Some quiet shuffling of tiny feet came toward me holding out little chubby hands of kai to share, I took it and ate with them, their cocoa-coloured cherub faces smudged with love and food. Arms outstretched, sweet hugs and kisses planted on my cheeks. We all rolled down the hills, a game they never tired of.
Like Mum’s dark roasted coffee, and Dads cinnamon-spiced rum in winter, this new language of love flowed like ink in my blue veins. It rose up through my lungs, down the fragile bones of my arms into my fingertips. Like a peacock feather quill, I knew story was my healing, my hunger, my future.
Like that massive taniwha with the tongue of fire under the graffiti bridge that cursed my childhood dreams, it set everything alight, leaving only ashes of emotion to float up into the cloudy atmosphere.
The voices of all the wāhine before me, cascaded through my spirit like a river of courage. Their words in my windpipe as they walked beside me, trachea branches like little avalanches of truth. Seeds of hope and spring flower blossoms grew around my ribs, I understood that I had to bloom where I was planted. The black rivers shone like a cloak around my shoulders. Like the moko tattooed on her chin, it was my skin. I held the history, and the mythology, in my small hands, my old hands. A glittering narrative of a forgotten past.
‘You are a kaitiaki, our keeper of memories. Keep them close.’
She placed a large pounamu hei tiki around my neck that fell beside the small catholic cross and rosary beads my nana had gifted me many years ago. One of the men walked up and placed upon me a robe of duck feathers. Kākāriki green.
Like a communion. Many generations of magical powers.
Go back the way you came child. Take with you the knowledge of the land.
I knew I would never be the same.

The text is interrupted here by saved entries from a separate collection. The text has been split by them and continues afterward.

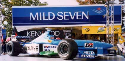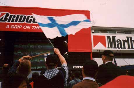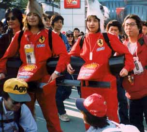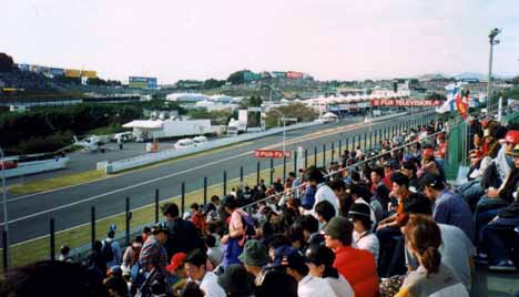 その後もミカ・ハッキネンの独壇場。。。2位以下をどんどん引き離して圧勝です。今回のレースの結果により、ミカ・ハッキネンとエディ・アーバインのどちらかが本年度のチャンピオンに決定することになっていたので、両者の激突が見ものだったのですが勝負は最初からついていたようです。ミカ・ハッキネンは日本に到着してからレースに集中するため全ての歓迎行事をキャンセルして集中力を高めたそうです。やはりこういったレースでは、マシンの調子よりも気力の差が大きな要素を占めるようです。モナコ・グランプリでは、ミカ・ハッキネンが王宮のレセプションでシャンパンを傾けている間にシューマッハがイタリアでスタートダッシュの練習に励んでいたのと対照的ですね。さて決勝レースの勝敗がつきますと後は一目散に駐車場へダッシュです。表彰式の様子も途中のモニター・スクリーンで眺めるだけです。ちょっとでも遅れると地獄の渋滞に巻き込まれます。
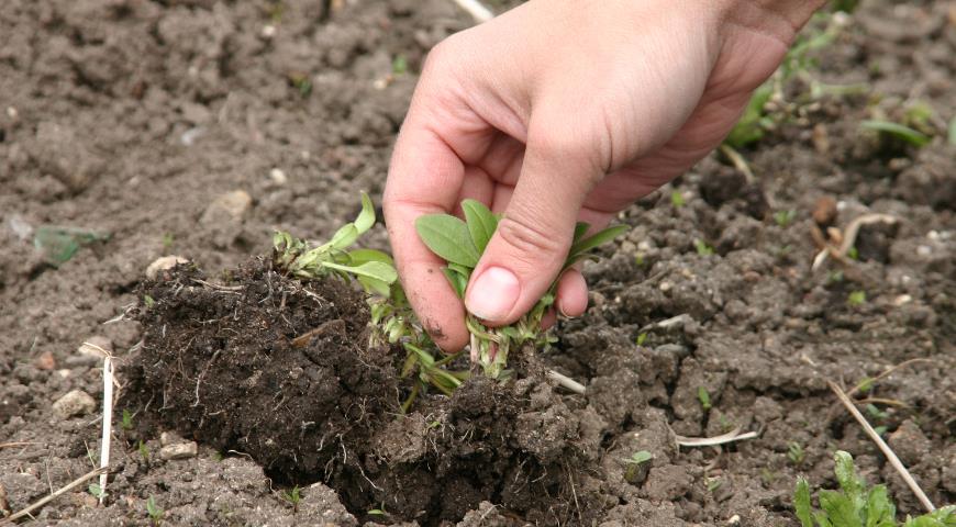 Удаление сорняков вручную легче всего проводить из влажной земли после дождя или полива
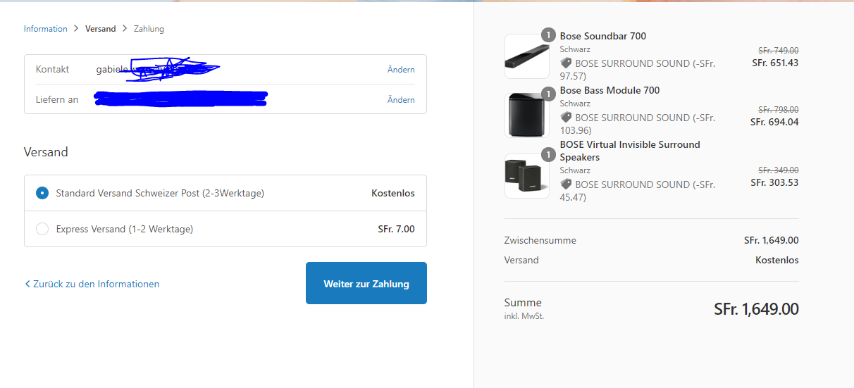 Bei qualityproducts.ch gibt es momentan die Bose Soundbar 700 mit Subwoofer und Rear Speakern im Bundle für CHF 1649.-, sowohl in Schwarz als auch in Weiss. Man muss nur die Produktseite aufrufen und dann ein wenig runter scrollen, dann wird einem schon das Bundle vorgeschlagen.

I felt her strength and dignity, in my young bones. History and unity flooded my blood, time had passed. Looking up at the velvet sky, I recognised Matariki stars shining through, guiding the way.
I now understood how to navigate the night, and the chronicles of my great great great grandmother’s hidden scars. Her hope for my future propelled me to make it better, her divine trust in the sweet veins of my daughter to come.
Heading back slowly along the forbidden path, I was a different girl from the one that flew in fearful and fragile, holding onto a witch’s broom of toetoe.
My hands grazed the plants lightly – rongoa medicine as I knew them now, their names rolling off my tongue as I ambled along, kawakawa, kanuka, manuka. A tūī called out in song, and shook his curly tuft of poi as he flew to his resting place, his wings merging with the colour of the heavens. Ranginui watched over me.
This knowledge was now my story to share. My prayer. My trauma reached the glistening water below, and disappeared into the moonlit tide. Intuitively I knew that waituhi, ink, was to be my art, my wairua, my air.
Walking out of the dense bush, I heard the faint sound of the driftwood stick banging on the frying pan. Haere Mai kids! I reached up into my hair, and felt a piece of pink pohutakawa flower tucked behind my ear.
My tīpuna wāhine’s last words of wisdom echoing in my mind.
There is a strong woman walking toward you. Meet her halfway.